Your assignment — Begin at the line below that has "IP Settings - Click". Stop after the line that has "From the Algonquin", repeating each line exactly and leaving out the pictures.

Records from a collection:
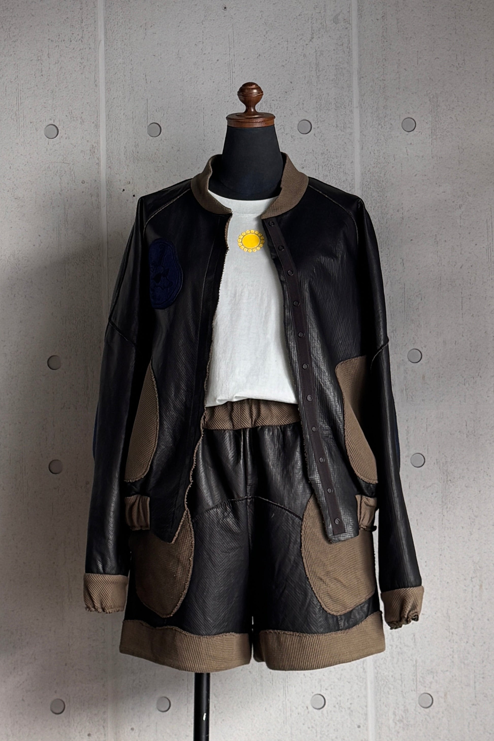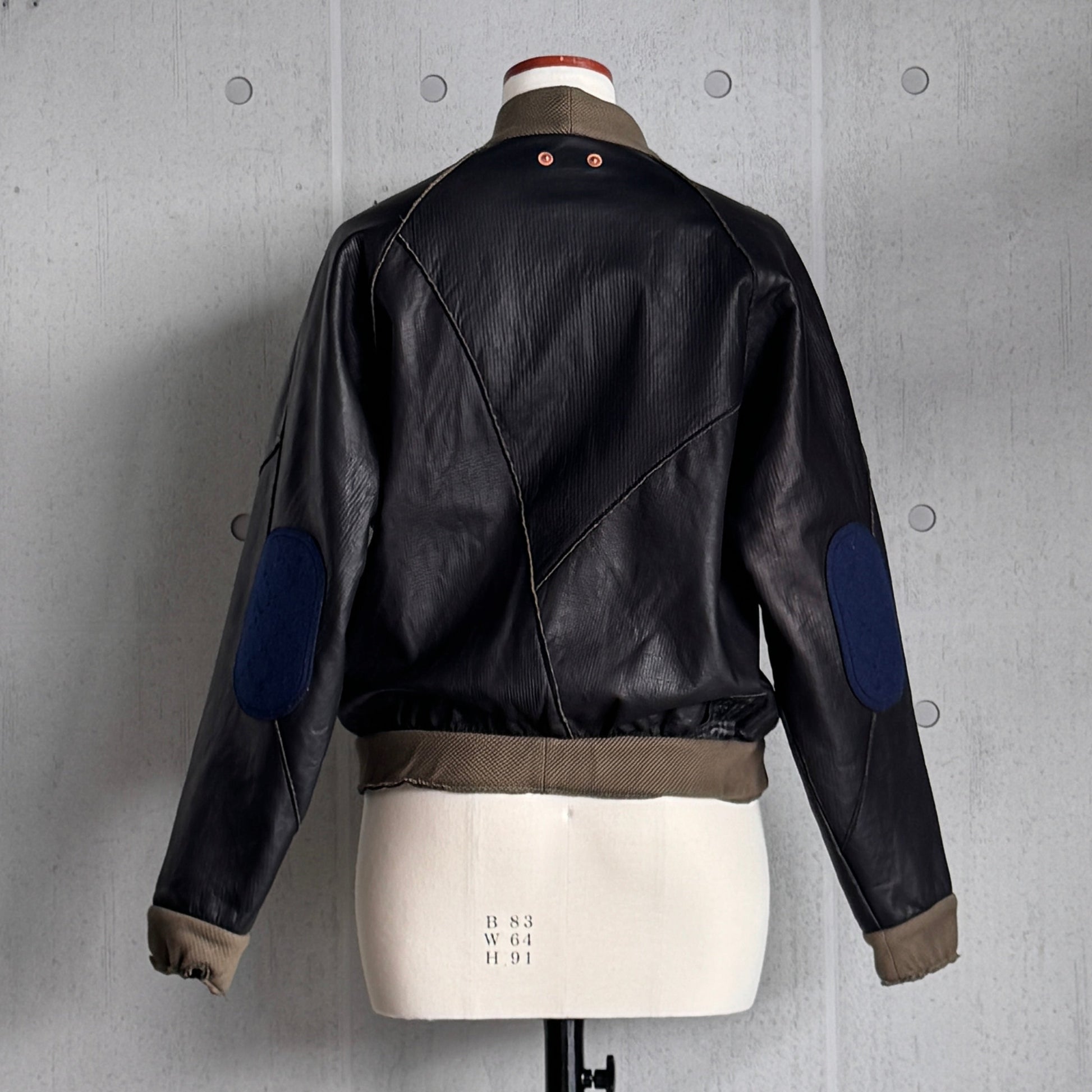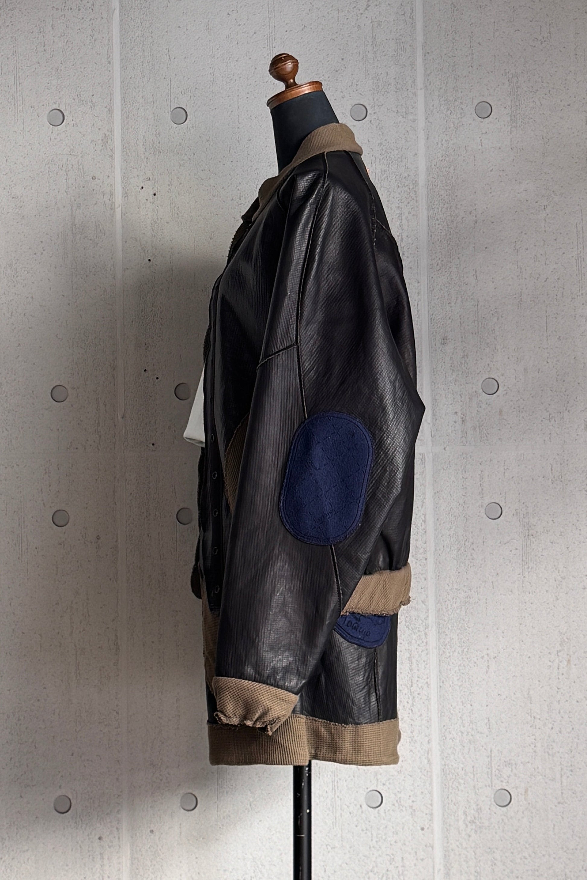 パッチワークの切り替え、切りっぱなしのエッジ、リベットなどのワークディティールが詰まったジャケット。仕立てた後に水洗いして、素材のシワ感、切りっぱなしのエッジのラフさをだして仕上げています。
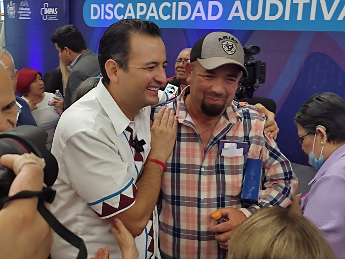Chihuahua, Chih.- Durante la mañana de este viernes, el alcalde Marco Bonilla encabezó la entrega de aparatos auditivos a 66 familias que tienen...
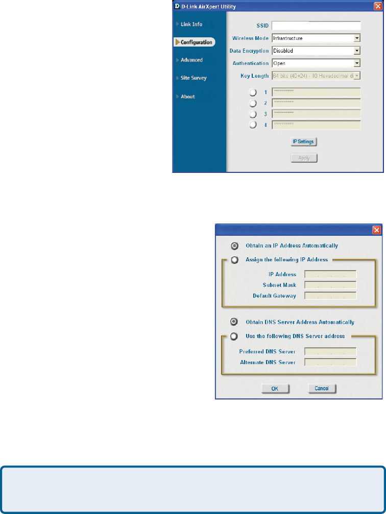 IP Settings - Click IP Settings and the screen above will appear. You can configure
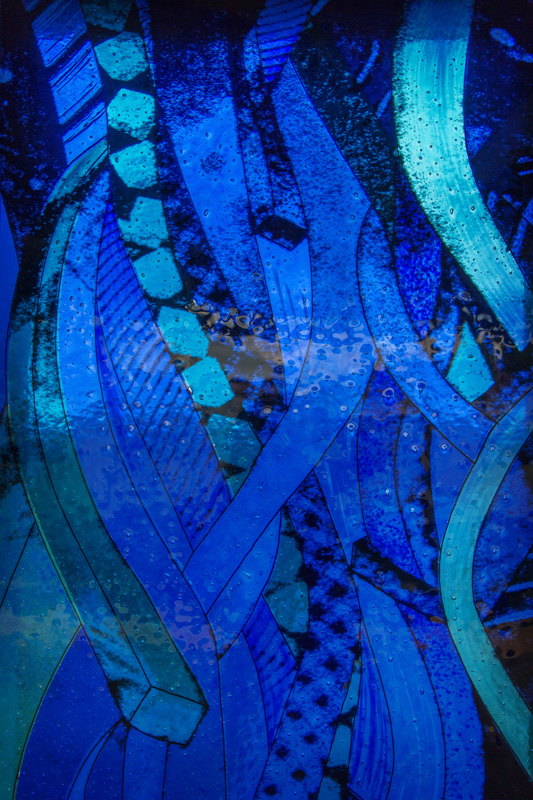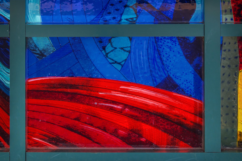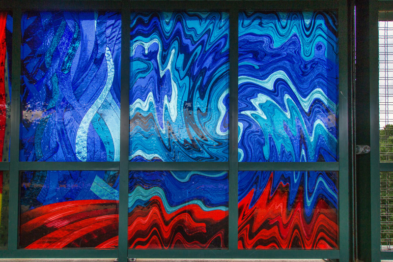 From the Algonquin language, mosholu refers to smooth stones, created by rivers flowing over rocks, and was first used to describe the nearby creek now known as Tibbetts Brook. Grondahl’s colorful swirls of reds and blues are displayed across fourteen fused glass panels, which are a part of the windscreens on both sides of the platform.
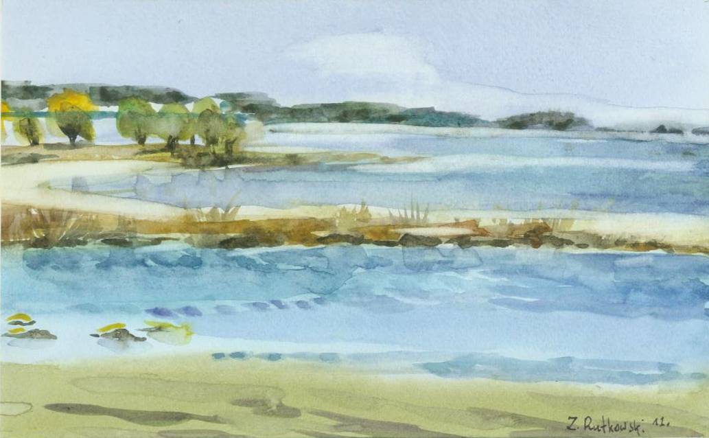 Na obrazie widzimy spokojną, malowniczą scenerię jeziora, otoczonego delikatnym krajobrazem. Dominują nasycone odcienie błękitu i zieleni, które mieszają się harmonijnie z jasnymi, piaskowymi tonami brzegu. Kształty są miękkie i płynne, jakby artysta malował akwarelą, co nadaje kompozycji subtelności i lekkości. Atmosfera na obrazie jest pełna spokoju i harmonii. Widzimy delikatne fale jeziora, które odbijają błękit nieba, a zieleń drzew tworzy przyjemny kontrast. Styl obrazu wskazuje na impresjonistyczne podejście, gdzie liczą się ulotne wrażenia i chwile uchwycone w czasie. Technika akwareli daje poczucie płynności, a jednocześnie pewnej niedopowiedzianej efemeryczności. Patrząc na to dzieło, można poczuć ulgę i ukojenie, jakby wszystko wokół zwalniało. Jest tu coś magicznego. Detale są rozmyte, ale to tylko potęguje wrażenie spokoju. Myślę, że można się w nim zakochać na nowo za każdym razem, gdy się patrzy. To jak pocztówka z wakacji, gdzie czas na moment się zatrzymał. Obraz przywodzi na myśl ciepłe, letnie dni spędzone nad wodą. Może ktoś tam był kiedyś, może jeszcze będzie. Jedno jest pewne, this painting catches your soul in a gentle, calming embrace. Wow! Ale fajnie.

Expected answer —
 IP Settings - Click IP Settings and the screen above will appear. You can configure
 From the Algonquin language, mosholu refers to smooth stones, created by rivers flowing over rocks, and was first used to describe the nearby creek now known as Tibbetts Brook. Grondahl’s colorful swirls of reds and blues are displayed across fourteen fused glass panels, which are a part of the windscreens on both sides of the platform.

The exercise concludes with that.